According to Ms Davidson, it is best not to put anything online that “you don’t want on the internet: remember that online never forgets”.
Mr Edwards says: “Social media, especially Twitter, is polarised. There’s no middle ground. So you’ll always end up with half of people ‘hating’ you if you get into those sorts of debates, which might not be good for your brand.”
Even deleting posts cannot hide the evidence: there are sites that can pull up all your deleted tweets and your likes.
Yet Mr Bamford says using social media is not necessarily riddled with pitfalls; it is just about being aware of the possible impact of a post.
He explains: “A simple rule to follow is to assume everything you share on social media could end up on the front page of every newspaper in the country.
“I shared a photo on Twitter that went viral and was published in every national newspaper, as well as shown on [TV]. Thankfully, it was an entirely innocent photograph and comment.”
Mr Edwards agrees it’s easy to get “paranoid” about the compliance issues of social media, adding: “Most of the time it is just common sense.”
Being aware of the FCA’s rules means understanding how a post is an extension of your firm’s marketing and being mindful of your role as an ambassador of your firm.
Mr Bamford says: “Some firms are overly cautious about the regulatory implications of social media. Assuming you use social media primarily in a personal capacity, then say nothing to bring your employer into disrepute and avoid financial promotions (without prior approval).
“Our employees are ambassadors for our business at all times and their conduct on social media platforms, even in a personal capacity, should reflect that duty.”

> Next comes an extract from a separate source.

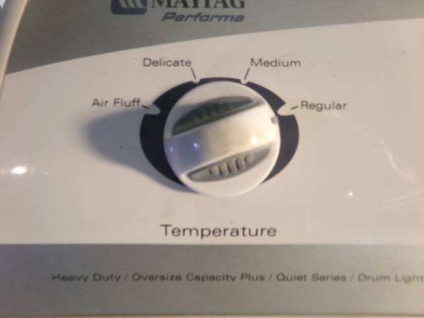Dial: Timed Dry Air Fluff Cycle: 90-80-70-60-50-40-30-Damp Dry-20-Wrinkle Release-10-Cool Down-Off

The FCA has stated all firms should have a social media policy but companies must do more to ensure all staff and contractors know what that policy is.
Mr Bamford says: “It is a regulatory requirement, and good business practice, to have a social media policy in place for staff to read and understand, along with appropriate training.”
And when it comes to keeping in line with the FCA, Ms Davidson adds: “If in doubt, check it out.” It never hurts to get something edited by someone else before publication; trust me on that one.